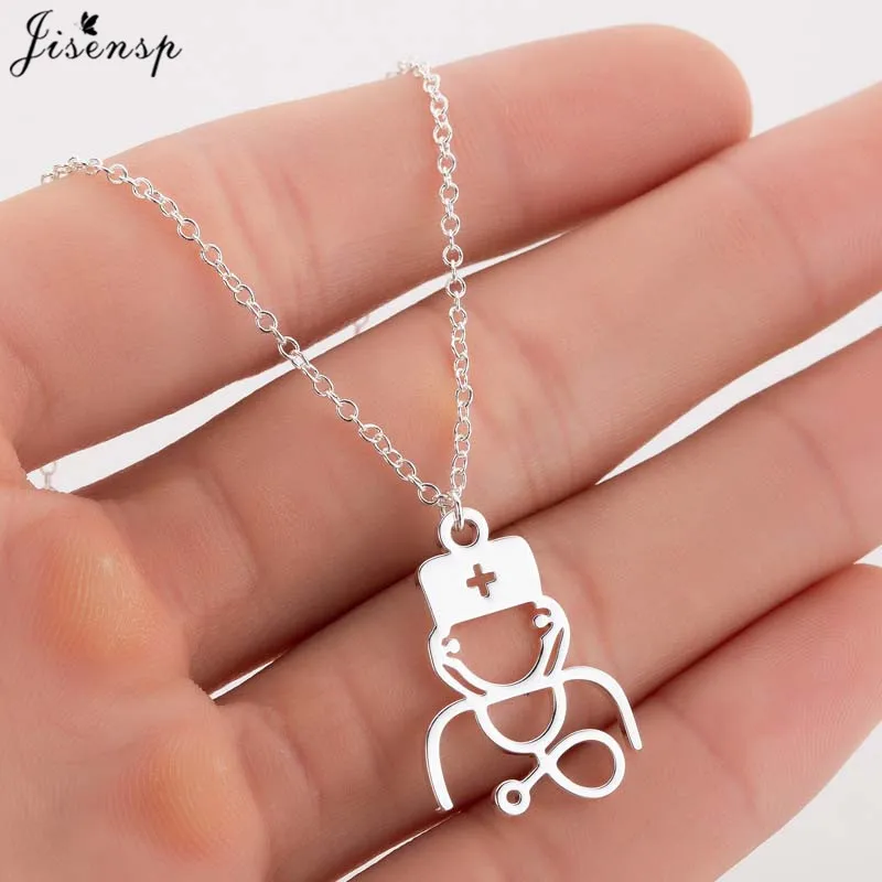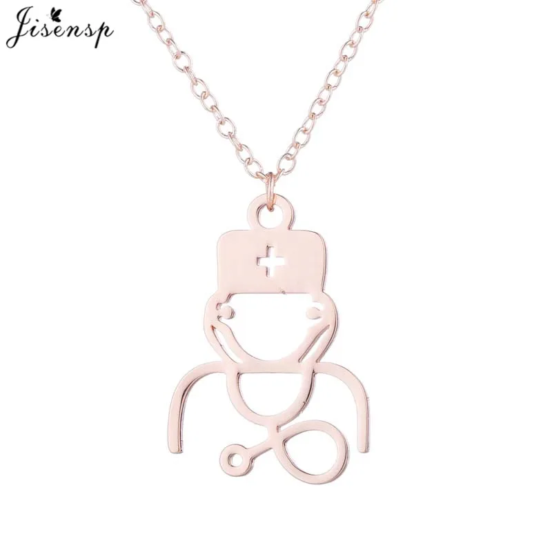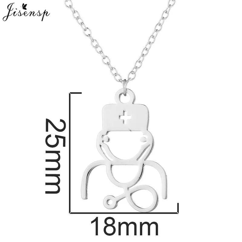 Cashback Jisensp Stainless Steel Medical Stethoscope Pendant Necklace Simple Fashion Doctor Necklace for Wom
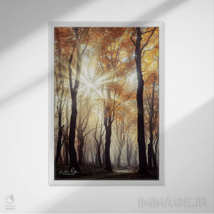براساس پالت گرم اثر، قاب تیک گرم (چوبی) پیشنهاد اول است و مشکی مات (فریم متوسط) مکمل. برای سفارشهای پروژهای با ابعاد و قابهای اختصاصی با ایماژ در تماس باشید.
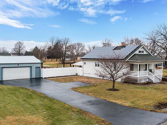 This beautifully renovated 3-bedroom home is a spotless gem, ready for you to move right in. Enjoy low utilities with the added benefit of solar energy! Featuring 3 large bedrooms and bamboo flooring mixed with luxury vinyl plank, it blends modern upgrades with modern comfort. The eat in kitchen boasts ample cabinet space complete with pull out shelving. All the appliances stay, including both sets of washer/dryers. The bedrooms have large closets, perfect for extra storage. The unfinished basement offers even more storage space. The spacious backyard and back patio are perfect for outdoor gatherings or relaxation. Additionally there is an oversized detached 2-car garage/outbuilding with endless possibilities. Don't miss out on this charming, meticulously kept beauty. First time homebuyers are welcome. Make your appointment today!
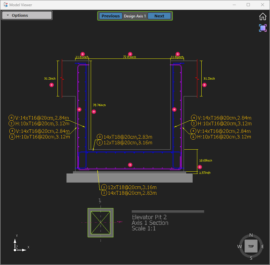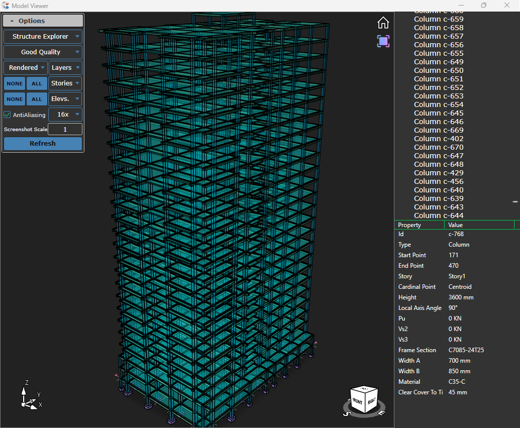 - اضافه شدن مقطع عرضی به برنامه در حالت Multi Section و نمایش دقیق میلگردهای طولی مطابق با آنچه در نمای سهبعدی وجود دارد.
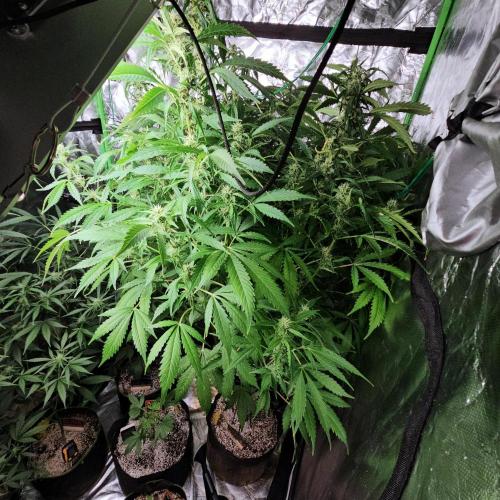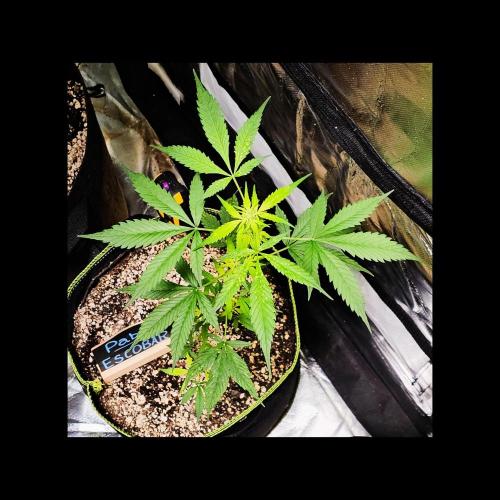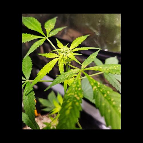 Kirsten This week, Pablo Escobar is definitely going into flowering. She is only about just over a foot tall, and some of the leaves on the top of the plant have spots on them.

◆ Instructions for the task ◆
Skipping any images, write out all the data exactly.

◆ Completed task ◆
 Cashback Jisensp Stainless Steel Medical Stethoscope Pendant Necklace Simple Fashion Doctor Necklace for Wom
براساس پالت گرم اثر، قاب تیک گرم (چوبی) پیشنهاد اول است و مشکی مات (فریم متوسط) مکمل. برای سفارشهای پروژهای با ابعاد و قابهای اختصاصی با ایماژ در تماس باشید.
 This beautifully renovated 3-bedroom home is a spotless gem, ready for you to move right in. Enjoy low utilities with the added benefit of solar energy! Featuring 3 large bedrooms and bamboo flooring mixed with luxury vinyl plank, it blends modern upgrades with modern comfort. The eat in kitchen boasts ample cabinet space complete with pull out shelving. All the appliances stay, including both sets of washer/dryers. The bedrooms have large closets, perfect for extra storage. The unfinished basement offers even more storage space. The spacious backyard and back patio are perfect for outdoor gatherings or relaxation. Additionally there is an oversized detached 2-car garage/outbuilding with endless possibilities. Don't miss out on this charming, meticulously kept beauty. First time homebuyers are welcome. Make your appointment today!
 - اضافه شدن مقطع عرضی به برنامه در حالت Multi Section و نمایش دقیق میلگردهای طولی مطابق با آنچه در نمای سهبعدی وجود دارد.
 Kirsten This week, Pablo Escobar is definitely going into flowering. She is only about just over a foot tall, and some of the leaves on the top of the plant have spots on them.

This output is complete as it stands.